[Records from a collection]
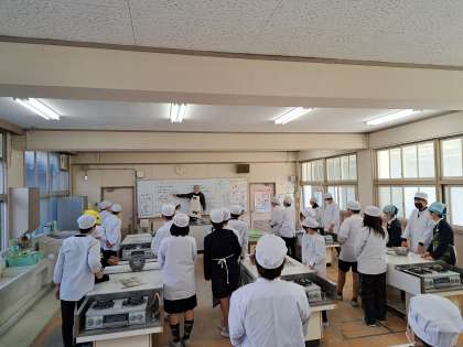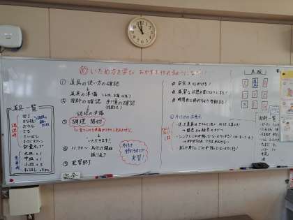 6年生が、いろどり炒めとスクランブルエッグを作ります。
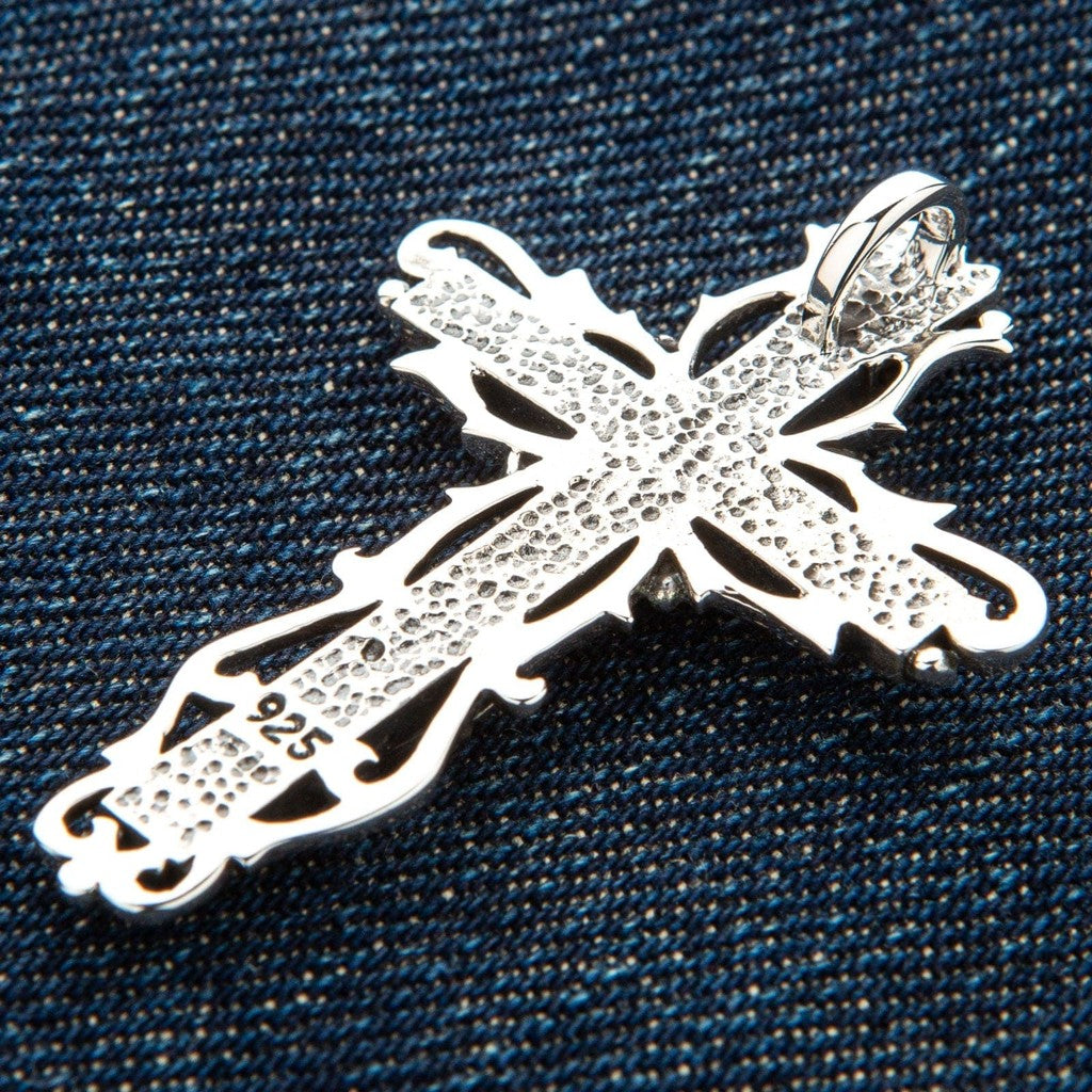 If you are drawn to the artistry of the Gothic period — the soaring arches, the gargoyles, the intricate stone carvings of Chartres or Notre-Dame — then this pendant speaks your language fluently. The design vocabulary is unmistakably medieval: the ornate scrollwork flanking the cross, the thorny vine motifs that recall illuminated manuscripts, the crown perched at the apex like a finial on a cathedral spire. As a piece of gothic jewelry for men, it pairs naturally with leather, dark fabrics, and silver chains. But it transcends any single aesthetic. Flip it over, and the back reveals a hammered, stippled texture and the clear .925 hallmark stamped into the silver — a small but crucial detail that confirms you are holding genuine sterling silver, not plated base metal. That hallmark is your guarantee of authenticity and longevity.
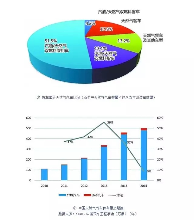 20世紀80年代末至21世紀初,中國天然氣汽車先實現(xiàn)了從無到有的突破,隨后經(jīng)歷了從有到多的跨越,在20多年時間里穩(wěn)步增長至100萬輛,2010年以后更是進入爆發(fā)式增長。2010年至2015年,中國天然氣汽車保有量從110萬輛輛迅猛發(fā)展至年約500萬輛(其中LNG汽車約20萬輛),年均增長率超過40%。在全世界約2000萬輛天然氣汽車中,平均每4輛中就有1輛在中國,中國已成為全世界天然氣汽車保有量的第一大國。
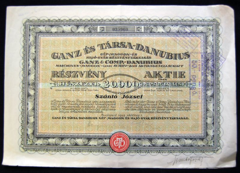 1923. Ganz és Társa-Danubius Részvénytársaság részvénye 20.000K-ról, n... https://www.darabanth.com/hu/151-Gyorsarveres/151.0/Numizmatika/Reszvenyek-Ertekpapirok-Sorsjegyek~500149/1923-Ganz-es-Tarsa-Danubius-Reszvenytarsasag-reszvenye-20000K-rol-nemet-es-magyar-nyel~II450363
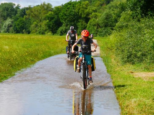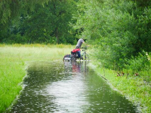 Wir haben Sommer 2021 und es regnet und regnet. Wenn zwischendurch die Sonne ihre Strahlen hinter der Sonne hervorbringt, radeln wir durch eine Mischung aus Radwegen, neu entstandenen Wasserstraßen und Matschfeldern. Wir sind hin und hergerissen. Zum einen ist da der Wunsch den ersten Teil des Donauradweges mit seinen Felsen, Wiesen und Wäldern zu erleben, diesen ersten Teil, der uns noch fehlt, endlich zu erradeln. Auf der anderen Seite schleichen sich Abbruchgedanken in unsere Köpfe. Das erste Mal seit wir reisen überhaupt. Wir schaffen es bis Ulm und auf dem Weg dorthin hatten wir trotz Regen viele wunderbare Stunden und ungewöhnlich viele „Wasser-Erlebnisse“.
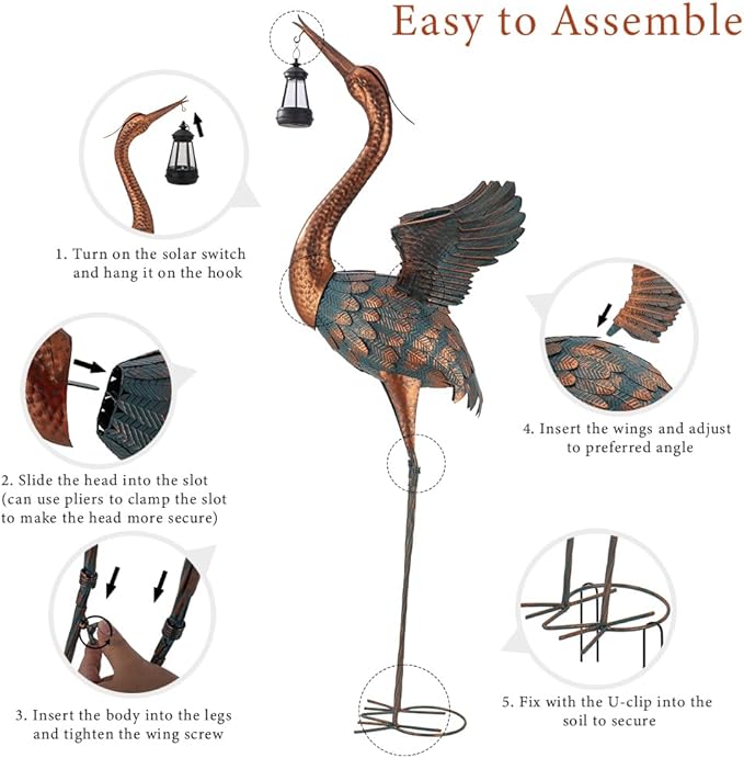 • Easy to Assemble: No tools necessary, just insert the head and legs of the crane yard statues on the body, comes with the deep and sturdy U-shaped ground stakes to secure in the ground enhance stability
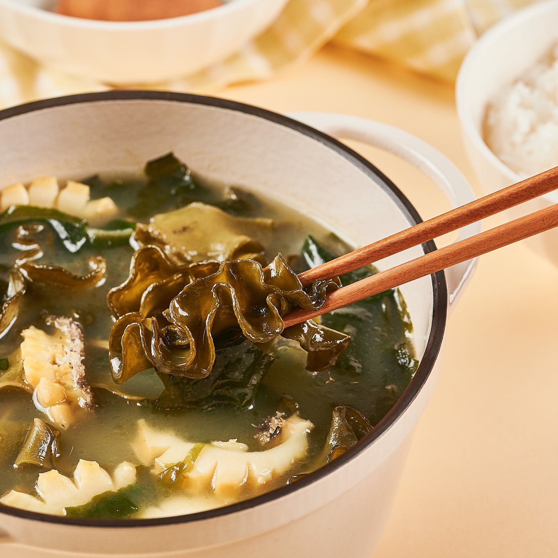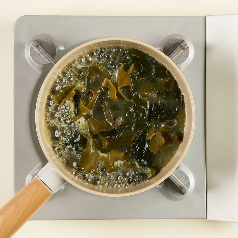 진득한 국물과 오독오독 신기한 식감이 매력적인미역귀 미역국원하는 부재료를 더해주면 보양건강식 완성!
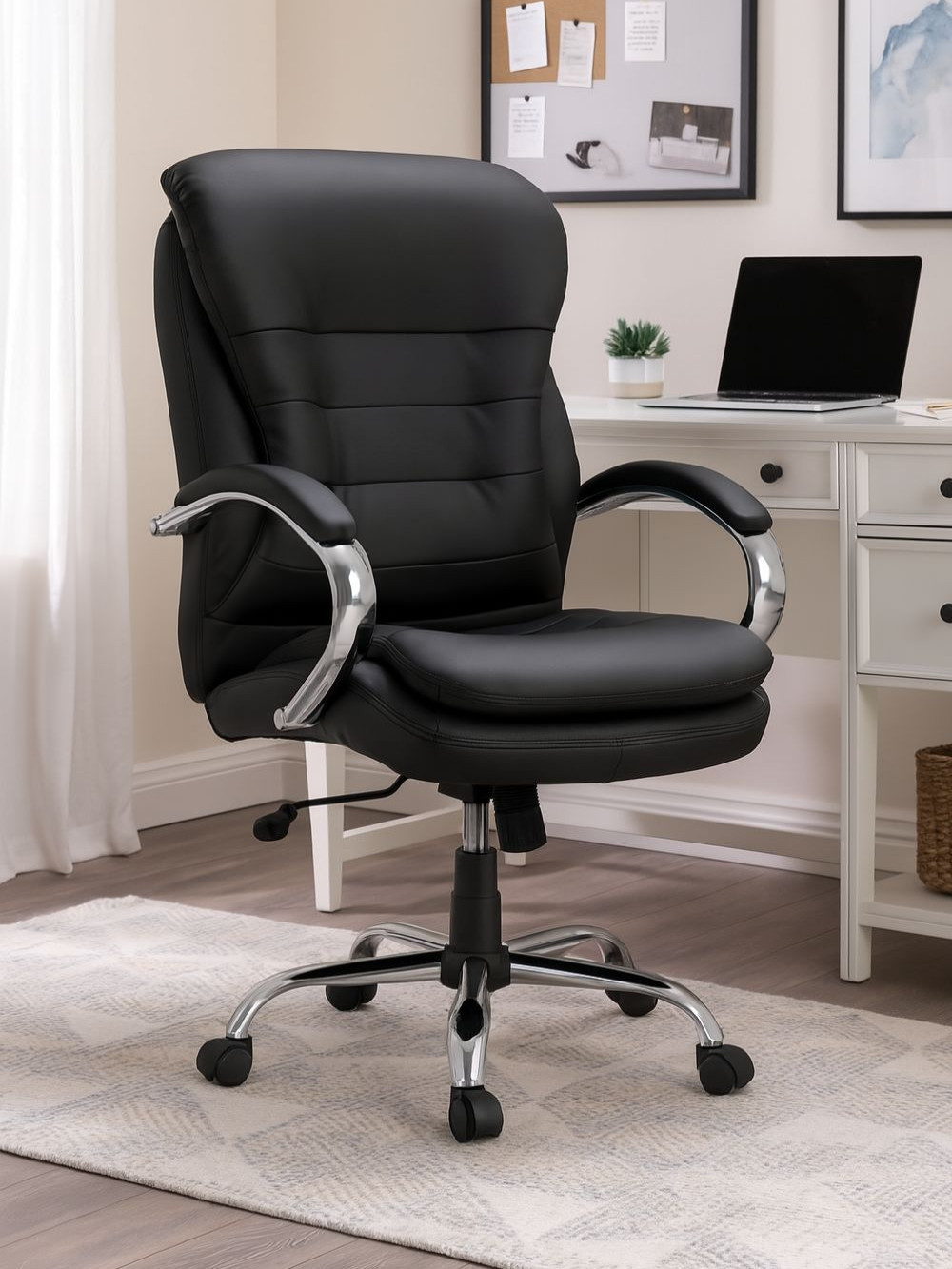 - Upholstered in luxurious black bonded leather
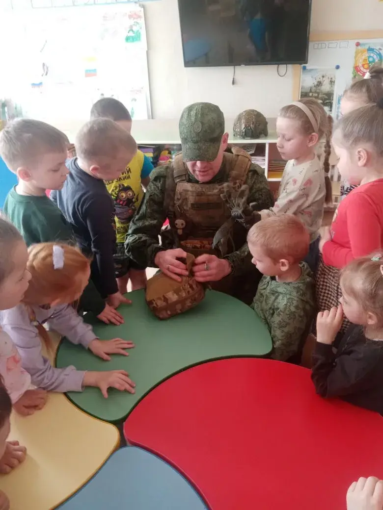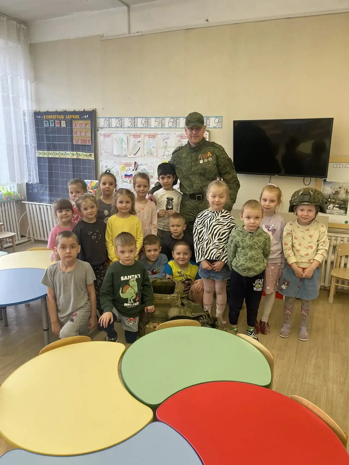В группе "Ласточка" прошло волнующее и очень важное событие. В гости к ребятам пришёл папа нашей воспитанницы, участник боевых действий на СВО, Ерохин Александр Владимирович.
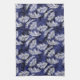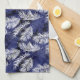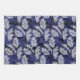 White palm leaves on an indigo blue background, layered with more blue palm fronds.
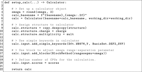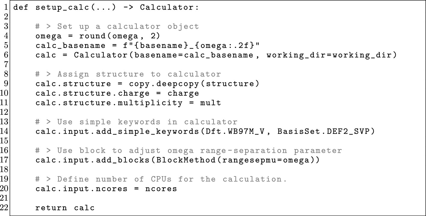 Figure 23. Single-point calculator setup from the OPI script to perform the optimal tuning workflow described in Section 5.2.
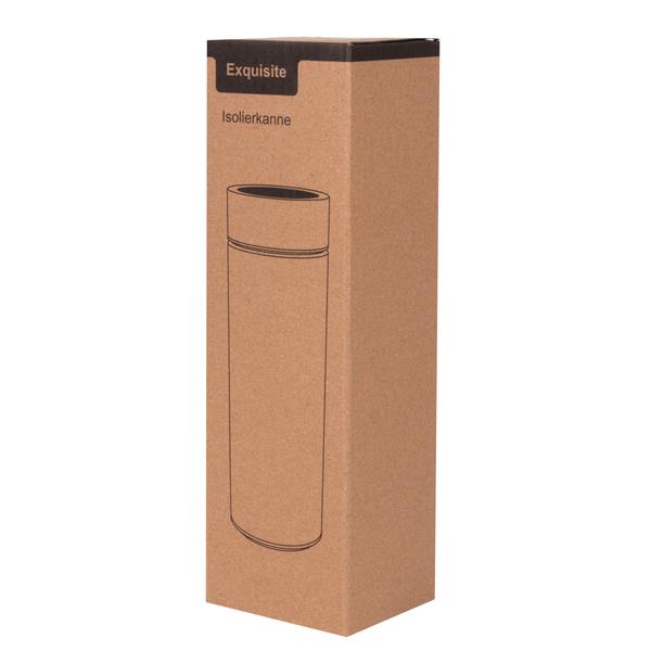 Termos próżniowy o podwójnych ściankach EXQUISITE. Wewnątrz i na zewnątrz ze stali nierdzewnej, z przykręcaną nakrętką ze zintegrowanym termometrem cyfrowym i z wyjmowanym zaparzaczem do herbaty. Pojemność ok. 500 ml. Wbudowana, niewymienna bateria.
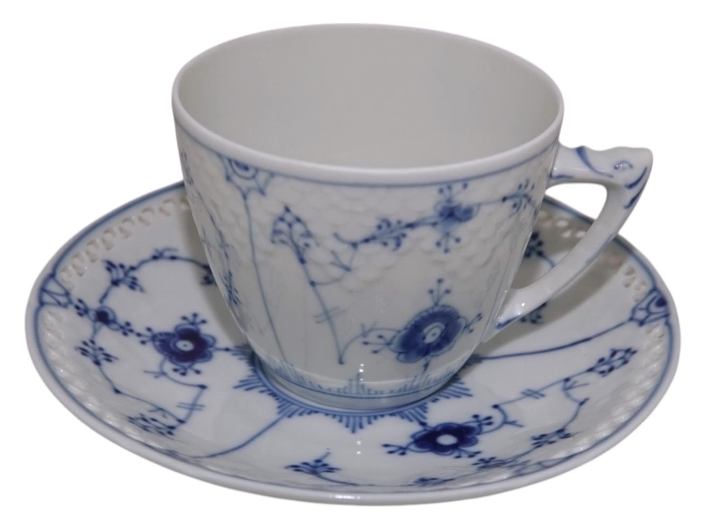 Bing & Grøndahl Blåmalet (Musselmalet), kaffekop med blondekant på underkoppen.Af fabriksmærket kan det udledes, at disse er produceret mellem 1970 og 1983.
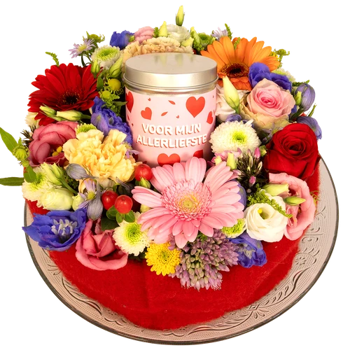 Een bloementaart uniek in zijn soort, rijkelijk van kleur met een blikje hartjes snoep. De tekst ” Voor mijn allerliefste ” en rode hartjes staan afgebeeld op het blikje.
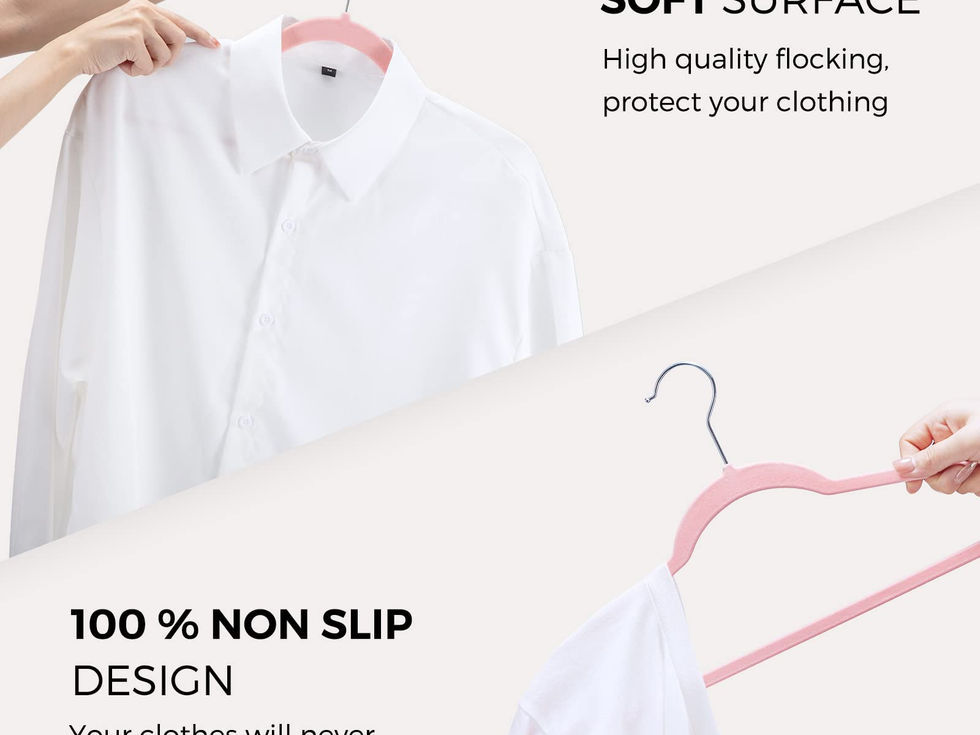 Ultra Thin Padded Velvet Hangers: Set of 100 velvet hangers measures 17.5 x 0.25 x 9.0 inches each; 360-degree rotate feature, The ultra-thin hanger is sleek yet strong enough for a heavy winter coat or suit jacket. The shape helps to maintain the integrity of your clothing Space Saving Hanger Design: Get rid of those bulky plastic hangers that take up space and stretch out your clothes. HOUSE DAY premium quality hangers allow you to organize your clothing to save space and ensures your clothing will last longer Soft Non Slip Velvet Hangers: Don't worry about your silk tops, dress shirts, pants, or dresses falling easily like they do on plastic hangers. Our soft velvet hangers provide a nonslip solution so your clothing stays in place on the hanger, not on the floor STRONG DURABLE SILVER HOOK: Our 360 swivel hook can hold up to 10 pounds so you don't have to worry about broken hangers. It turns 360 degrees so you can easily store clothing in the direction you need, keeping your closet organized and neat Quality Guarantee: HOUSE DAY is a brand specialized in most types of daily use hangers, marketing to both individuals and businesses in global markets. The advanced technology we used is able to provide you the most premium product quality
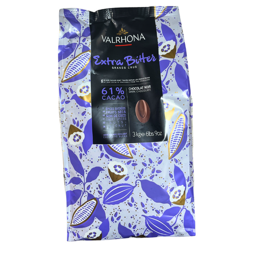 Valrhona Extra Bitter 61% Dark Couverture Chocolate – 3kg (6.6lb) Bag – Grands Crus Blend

#### DESCRIPTION OF THE TASK:
For every line above, produce an exact transcription that omits the images.

#### SOLUTION TO THIS TASK:
 6年生が、いろどり炒めとスクランブルエッグを作ります。
 If you are drawn to the artistry of the Gothic period — the soaring arches, the gargoyles, the intricate stone carvings of Chartres or Notre-Dame — then this pendant speaks your language fluently. The design vocabulary is unmistakably medieval: the ornate scrollwork flanking the cross, the thorny vine motifs that recall illuminated manuscripts, the crown perched at the apex like a finial on a cathedral spire. As a piece of gothic jewelry for men, it pairs naturally with leather, dark fabrics, and silver chains. But it transcends any single aesthetic. Flip it over, and the back reveals a hammered, stippled texture and the clear .925 hallmark stamped into the silver — a small but crucial detail that confirms you are holding genuine sterling silver, not plated base metal. That hallmark is your guarantee of authenticity and longevity.
 20世紀80年代末至21世紀初,中國天然氣汽車先實現(xiàn)了從無到有的突破,隨后經(jīng)歷了從有到多的跨越,在20多年時間里穩(wěn)步增長至100萬輛,2010年以后更是進入爆發(fā)式增長。2010年至2015年,中國天然氣汽車保有量從110萬輛輛迅猛發(fā)展至年約500萬輛(其中LNG汽車約20萬輛),年均增長率超過40%。在全世界約2000萬輛天然氣汽車中,平均每4輛中就有1輛在中國,中國已成為全世界天然氣汽車保有量的第一大國。
 1923. Ganz és Társa-Danubius Részvénytársaság részvénye 20.000K-ról, n... https://www.darabanth.com/hu/151-Gyorsarveres/151.0/Numizmatika/Reszvenyek-Ertekpapirok-Sorsjegyek~500149/1923-Ganz-es-Tarsa-Danubius-Reszvenytarsasag-reszvenye-20000K-rol-nemet-es-magyar-nyel~II450363
 Wir haben Sommer 2021 und es regnet und regnet. Wenn zwischendurch die Sonne ihre Strahlen hinter der Sonne hervorbringt, radeln wir durch eine Mischung aus Radwegen, neu entstandenen Wasserstraßen und Matschfeldern. Wir sind hin und hergerissen. Zum einen ist da der Wunsch den ersten Teil des Donauradweges mit seinen Felsen, Wiesen und Wäldern zu erleben, diesen ersten Teil, der uns noch fehlt, endlich zu erradeln. Auf der anderen Seite schleichen sich Abbruchgedanken in unsere Köpfe. Das erste Mal seit wir reisen überhaupt. Wir schaffen es bis Ulm und auf dem Weg dorthin hatten wir trotz Regen viele wunderbare Stunden und ungewöhnlich viele „Wasser-Erlebnisse“.
 • Easy to Assemble: No tools necessary, just insert the head and legs of the crane yard statues on the body, comes with the deep and sturdy U-shaped ground stakes to secure in the ground enhance stability
 진득한 국물과 오독오독 신기한 식감이 매력적인미역귀 미역국원하는 부재료를 더해주면 보양건강식 완성!
 - Upholstered in luxurious black bonded leather
В группе "Ласточка" прошло волнующее и очень важное событие. В гости к ребятам пришёл папа нашей воспитанницы, участник боевых действий на СВО, Ерохин Александр Владимирович.
 White palm leaves on an indigo blue background, layered with more blue palm fronds.
 Figure 23. Single-point calculator setup from the OPI script to perform the optimal tuning workflow described in Section 5.2.
 Termos próżniowy o podwójnych ściankach EXQUISITE. Wewnątrz i na zewnątrz ze stali nierdzewnej, z przykręcaną nakrętką ze zintegrowanym termometrem cyfrowym i z wyjmowanym zaparzaczem do herbaty. Pojemność ok. 500 ml. Wbudowana, niewymienna bateria.
 Bing & Grøndahl Blåmalet (Musselmalet), kaffekop med blondekant på underkoppen.Af fabriksmærket kan det udledes, at disse er produceret mellem 1970 og 1983.
 Een bloementaart uniek in zijn soort, rijkelijk van kleur met een blikje hartjes snoep. De tekst ” Voor mijn allerliefste ” en rode hartjes staan afgebeeld op het blikje.
 Ultra Thin Padded Velvet Hangers: Set of 100 velvet hangers measures 17.5 x 0.25 x 9.0 inches each; 360-degree rotate feature, The ultra-thin hanger is sleek yet strong enough for a heavy winter coat or suit jacket. The shape helps to maintain the integrity of your clothing Space Saving Hanger Design: Get rid of those bulky plastic hangers that take up space and stretch out your clothes. HOUSE DAY premium quality hangers allow you to organize your clothing to save space and ensures your clothing will last longer Soft Non Slip Velvet Hangers: Don't worry about your silk tops, dress shirts, pants, or dresses falling easily like they do on plastic hangers. Our soft velvet hangers provide a nonslip solution so your clothing stays in place on the hanger, not on the floor STRONG DURABLE SILVER HOOK: Our 360 swivel hook can hold up to 10 pounds so you don't have to worry about broken hangers. It turns 360 degrees so you can easily store clothing in the direction you need, keeping your closet organized and neat Quality Guarantee: HOUSE DAY is a brand specialized in most types of daily use hangers, marketing to both individuals and businesses in global markets. The advanced technology we used is able to provide you the most premium product quality
 Valrhona Extra Bitter 61% Dark Couverture Chocolate – 3kg (6.6lb) Bag – Grands Crus Blend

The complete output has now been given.